The KiddiComp concept, envisioned by Alan Kay in 1968 while a PhD candidate, and later developed and described as the Dynabook in his 1972 proposal "A personal computer for children of all ages", outlines the requirements for a conceptual portable educational device that would offer similar functionality to that now supplied via a laptop computer or (in some of its other incarnations) a tablet or slate computer with the exception of the requirement for any Dynabook device offering near eternal battery life. Adults could also use a Dynabook, but the target audience was children.

Part of the motivation and funding for the Dynabook project came from the need for portable military maintenance, repair, and operations documentation.  Eliminating the need to move large amounts of difficult-to-access paper in a dynamic military theatre provided significant US Department of Defense funding.

Though the hardware required to create a Dynabook is here today, Alan Kay still thinks the Dynabook hasn't been invented yet, because key software and educational curricula are missing.  When Microsoft came up with its tablet PC, Kay was quoted as saying "Microsoft's Tablet PC, the first Dynabook-like computer good enough to criticize". 

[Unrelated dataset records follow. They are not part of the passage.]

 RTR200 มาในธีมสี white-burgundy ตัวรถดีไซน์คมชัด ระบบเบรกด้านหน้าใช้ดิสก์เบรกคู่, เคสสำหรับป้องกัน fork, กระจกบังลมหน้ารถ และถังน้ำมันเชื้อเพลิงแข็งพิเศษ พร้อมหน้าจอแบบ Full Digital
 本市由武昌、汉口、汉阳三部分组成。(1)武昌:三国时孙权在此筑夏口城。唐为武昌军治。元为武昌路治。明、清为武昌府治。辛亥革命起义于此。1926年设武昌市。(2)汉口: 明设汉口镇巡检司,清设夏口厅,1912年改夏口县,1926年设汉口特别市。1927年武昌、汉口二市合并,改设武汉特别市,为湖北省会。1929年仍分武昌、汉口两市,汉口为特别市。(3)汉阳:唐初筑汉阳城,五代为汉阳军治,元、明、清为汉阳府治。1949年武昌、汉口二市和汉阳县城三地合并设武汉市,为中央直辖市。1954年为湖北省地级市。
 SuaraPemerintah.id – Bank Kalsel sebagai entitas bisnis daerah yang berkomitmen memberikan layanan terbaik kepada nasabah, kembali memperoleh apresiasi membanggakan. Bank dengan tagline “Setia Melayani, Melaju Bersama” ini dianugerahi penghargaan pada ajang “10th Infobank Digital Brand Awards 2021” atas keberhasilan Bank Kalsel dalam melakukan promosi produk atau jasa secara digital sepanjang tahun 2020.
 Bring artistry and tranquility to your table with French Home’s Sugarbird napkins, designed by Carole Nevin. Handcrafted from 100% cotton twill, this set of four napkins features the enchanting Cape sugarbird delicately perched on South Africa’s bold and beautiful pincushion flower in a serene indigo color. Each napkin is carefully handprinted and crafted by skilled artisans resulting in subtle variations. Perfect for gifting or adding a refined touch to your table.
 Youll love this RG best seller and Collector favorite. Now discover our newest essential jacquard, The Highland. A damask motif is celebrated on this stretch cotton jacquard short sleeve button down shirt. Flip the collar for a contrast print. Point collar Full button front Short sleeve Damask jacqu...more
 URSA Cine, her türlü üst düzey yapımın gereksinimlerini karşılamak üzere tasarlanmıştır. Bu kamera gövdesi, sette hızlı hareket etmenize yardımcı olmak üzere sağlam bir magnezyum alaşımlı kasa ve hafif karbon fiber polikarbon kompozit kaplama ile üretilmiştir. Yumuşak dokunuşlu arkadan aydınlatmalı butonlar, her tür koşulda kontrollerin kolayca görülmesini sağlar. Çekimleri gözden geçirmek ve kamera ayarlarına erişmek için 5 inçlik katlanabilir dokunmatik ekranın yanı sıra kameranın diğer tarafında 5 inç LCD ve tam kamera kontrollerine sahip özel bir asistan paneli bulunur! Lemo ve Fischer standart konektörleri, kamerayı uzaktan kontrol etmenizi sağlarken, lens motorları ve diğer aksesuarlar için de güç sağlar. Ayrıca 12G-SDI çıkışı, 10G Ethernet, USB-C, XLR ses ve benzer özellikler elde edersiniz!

Toshiba also has a line of sub-notebook computers called DynaBooks. In June 2018, Sharp acquired a majority stake in Toshiba's PC business including laptops and tablets sold under the Dynabook brand.

Original concept 

Describing the idea as "A Personal Computer For Children of All Ages", Kay wanted the Dynabook concept to embody the learning theories of Jerome Bruner and some of what Seymour Papert— who had studied with developmental psychologist Jean Piaget and who was one of the inventors of the Logo programming language — was proposing. This concept was created two years before the founding of Xerox PARC. The ideas led to the development of the Xerox Alto prototype, which was originally called "the interim Dynabook".  It embodied all the elements of a graphical user interface, or GUI, as early as 1972. The software component of this research was Smalltalk, which went on to have a life of its own independent of the Dynabook concept.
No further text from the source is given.